Soyons honnêtes, Latebloomers n'est pas le film du siècle malgré le sujet tout à fait d'actualité et des dialogues teintés d'une délicieuse autodérision. Isabella Rossellini y apparaît dans toute sa splendeur de presque sexagénaire (elle aura 59 ans en juin). Et si les gros plans d'elle ne sont pas toujours flatteurs, ils confirment avec certitude qu'elle est une des rares actrices de son âge qui n'a pas été retouchée ou si peu. En conférence de presse, son charme fou, son sens de l'humour, sa lucidité rieuse ont apporté un peu de fraîcheur après une trop longue journée de films lourds.

Bien des actrices évitent comme la peste d'évoquer le tabou du vieillissement. Pas Isabella. À ce sujet, elle est non seulement intarissable, mais étonnamment positive. «Moi, quand on me dit vous me faites pas votre âge, ça m'insulte un peu, a-t-elle confié. J'ai l'âge que j'ai et je n'ai absolument pas envie d'être jeune. J'ai envie d'être élégante, en forme et bien dans ma peau mais pas de changer d'âge.»

Comment faites-vous pour rester belle? lui a lancé un journaliste. «Je porte un foulard, a-t-elle blagué en indiquant celui noué autour de son cou. «Vous savez, avoir 60 ans pour une femme c'est toujours un drame. C'est pourquoi il vaut mieux avoir un bon sens de l'humour et en rire. En même temps, l'avantage, c'est qu'on est tellement plus libre. Oui, on a des rides, oui, on prend des kilos, mais on n'a plus rien à prouver et on peut se dire: maintenant, je fais ce que je veux. C'est ce que j'ai fait en passant derrière la caméra et en réalisant My Little Green Porno, une série de courts métrages où je me déguise en animal. Plus jeune, je n'aurais pas osé faire un truc pareil de peur de perdre un rôle ou une couverture de Vogue, mais maintenant, je m'en fous.»
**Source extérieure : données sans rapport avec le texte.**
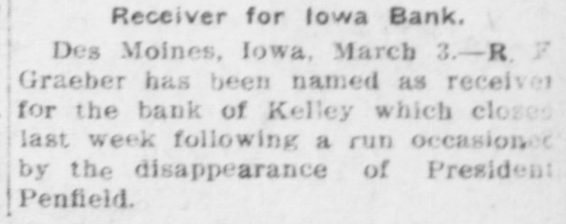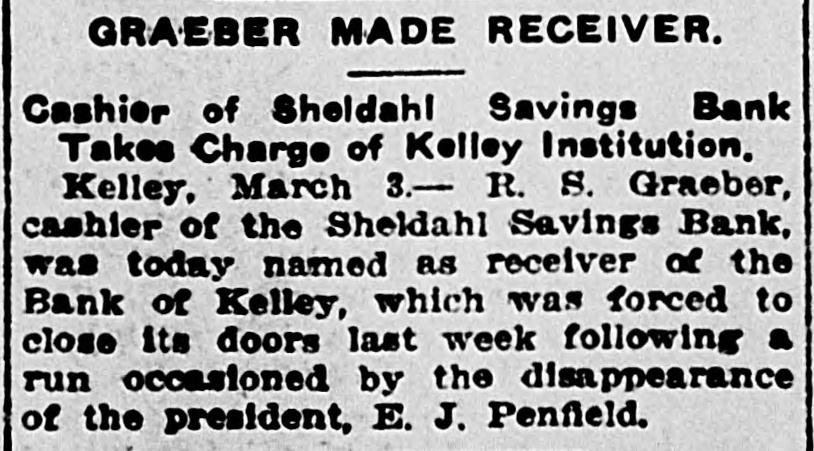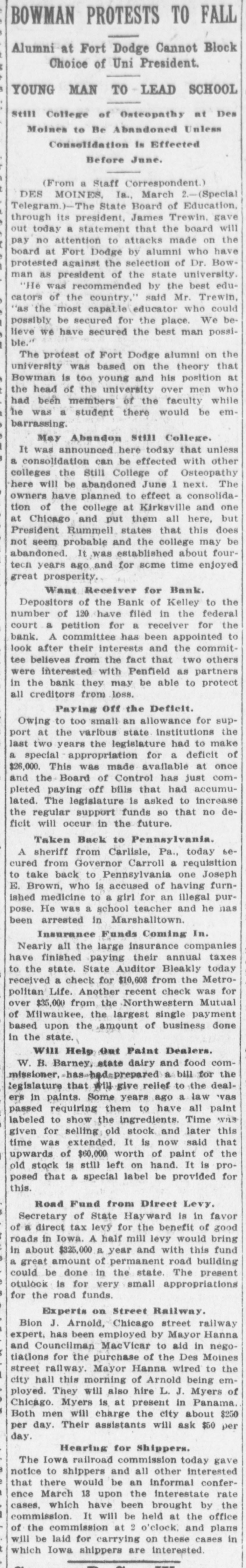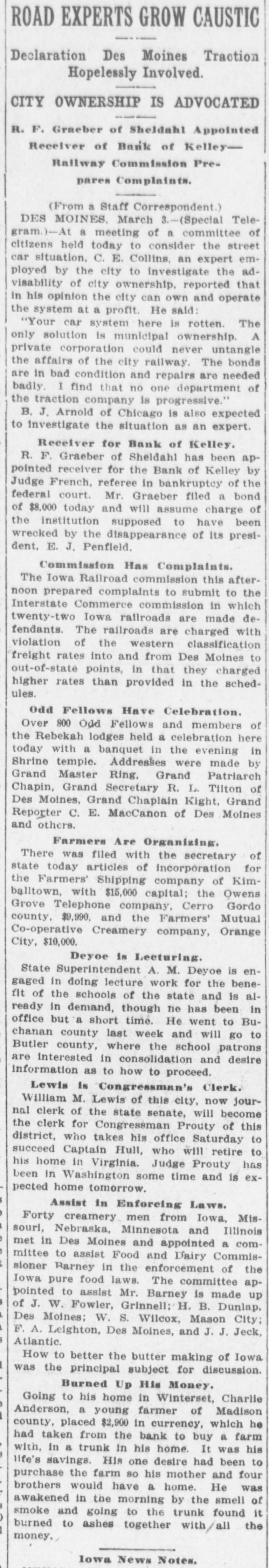 ROAD EXPERTS GROW CAUSTIC Declaration Des Moines Traction Hopelessly Involved. CITY OWNERSHIP IS ADVOCATED R. F. Graeber of Sheldahl Appointed Receiver of Bank of KelleyRailway Commission Prepares Complaints. (From a Staff Correspondent.) DES MOINES. March 3.-(Special Telegram.)-At a meeting of a committee of citizens held today to consider the street car situation, C. E. Collins. an expert employed by the city to investigate the advisability of city ownership, reported that in his opinion the city can own and operate the system at a profit. He said: "Your car system here is rotten. The only solution is municipal ownership. A private corporation could never untangle the affairs of the city railway. The bonds are in bad condition and repairs are needed badly. I find that no one department of the traction company is progressive." B. J. Arnold of Chicago is also expected to investigate the situation as an expert. Receiver for Bank of Kelley. R. F. Graeber of Sheldahl has been appointed receiver for the Bank of Kelley by Judge French, referee in bankruptcy of the federal court. Mr. Graeber filed a bond of $8,000 today and will assume charge of the institution supposed to have been wrecked by the disappearance of its president, E. J. Penfield. Commission Has Complaints. The Iowa Railroad commission this afternoon prepared complaints to submit to the Interstate Commerce commission in which twenty-two Iowa railroads are made defendants. The railroads are charged with violation of the western classification freight rates into and from Des Moines to out-of-state points, in that they charged higher rates than provided in the schedules. Odd Fellows Have Celebration. Over 800 Odd Fellows and members of the Rebekah lodges held a celebration here today with a banquet in the evening in Shrine temple. Addresses were made by Grand Master Ring, Grand Patriarch Chapin, Grand Secretary R. L. Tilton of Des Moines, Grand Chaplain Kight, Grand Reporter C. E. MacCanon of Des Moines and others. Farmers Are Organizing. There was filed with the secretary of state today articles of incorporation for the Farmers' Shipping company of Kimballtown, with $15,000 capital; the Owens Grove Telephone company, Cerro Gordo county, $9,990, and the Farmers' Mutual Co-operative Creamery company, Orange City, $10,000. Deyoe is Lecturing. State Superintendent A. M. Deyoe is engaged in doing lecture work for the benefit of the schools of the state and is already in demand, though he has been in office but a short time. He went to Buchanan county last week and will go to Butler county, where the school patrons are interested in consolidation and desire information as to how to proceed. Lewis is Congressman's Clerk. William M. Lewis of this city, now journal clerk of the state senate, will become the clerk for Congressman Prouty of this district, who takes his office Saturday to succeed Captain Hull, who will retire to his home in Virginia. Judge Prouty has been in Washington some time and is expected home tomorrow. Assist in Enforcing Laws. Forty creamery men from Iowa, Missourl, Nebraska, Minnesota and Illinois met in Des Moines and appointed a committee to assist Food and Dairy Commissioner Barney in the enforcement of the Iowa pure food laws. The committee appointed to assist Mr. Barney is made up of J. W. Fowler, Grinnell; H. B. Dunlap, Des Moines; W. S. Wilcox, Mason City; F. A. Leighton, Des Moines, and J. J. Jeck, Atlantic. How to better the butter making of Iowa was the principal subject for discussion. Burned Up His Money. Going to his home in Winterset, Charlie Anderson, a young farmer of Madison county, placed $2,900 in currency, which he had taken from the bank to buy a farm with, in a trunk in his home. It was his life's savings. His one desire had been to purchase the farm so his mother and four brothers would have a home. He was awakened in the morning by the smell of smoke and going to the trunk found it burned to ashes together with/all the money, Iowa News Notes.

Isabella a de la chance. Elle est une actrice, une icône, un visage qu'on n'oublie pas. Même si elle approche de la soixantaine, elle ne risque pas de devenir invisible aux yeux des hommes comme la plupart de ses congénères. «Mais si, a-t-elle plaidé. Il m'arrive de me promener dans Rome et d'être invisible et, bien franchement, c'est un soulagement. Car me faire siffler ou me faire mettre la main au cul par les types dans la rue, ça ne me plaisait pas vraiment. Je suis contente que ça soit fini.»

À la fin de la rencontre, Isabella a quand même avoué que malgré toute sa chance, cela faisait au moins 10 ans qu'elle n'avait pas eu un premier rôle au cinéma. Les journalistes à ses pieds ont écarquillé les yeux avec stupéfaction. S'ils avaient pu, ils lui auraient tous offert un premier rôle sur-le-champ.

Palestiniennes et lesbiennes

On pense qu'il n'y a qu'en Iran où les films sont censurés et les plateaux fermés par le gouvernement. Mais ça arrive ailleurs. Parlez-en à Jonathan Sagall, le réalisateur israélien de Lipstikka, un film sur deux jeunes amies palestiniennes, dont l'une est lesbienne et amoureuse de l'autre. Un soir, au retour d'un film vu en cachette dans la partie israélienne de Jérusalem, deux jeunes soldats israéliens les accostent. La rencontre fait basculer leur vie.

Pendant le tournage, une rumeur a circulé selon laquelle le film comparait l'occupation israélienne au nazisme. L'affaire s'est rendue jusqu'au parlement d'Israël. Les fonds du film ont été gelés jusqu'à ce que le gouvernement puisse voir une copie finale et donner son approbation. Résultat? Lipstikka est un film ambigü, ambivalent, mou au centre, avec une scène de viol qui n'en est pas une pour des raisons évidentes. Morale de cette histoire: la politique ne devrait jamais se mêler de cinéma.

La fin - The End

Dans moins de 48 heures, la 61e Berlinale ne sera plus qu'un souvenir. Deux films semblent se détacher de peloton: l'iranien Neder et Simin: une séparation et Le cheval de Turin du Hongrois Béla Tarr. Je souhaite de tout coeur que l'iranien l'emporte. Pour ce qui est du Cheval de Turin, un film de deux heures et demie où chaque plan, mettant en scène un vieux et son cheval, dure 10 minutes, je ne l'ai pas vu, ce qui ne signifie qu'une chose: il va gagner. Combien on gage?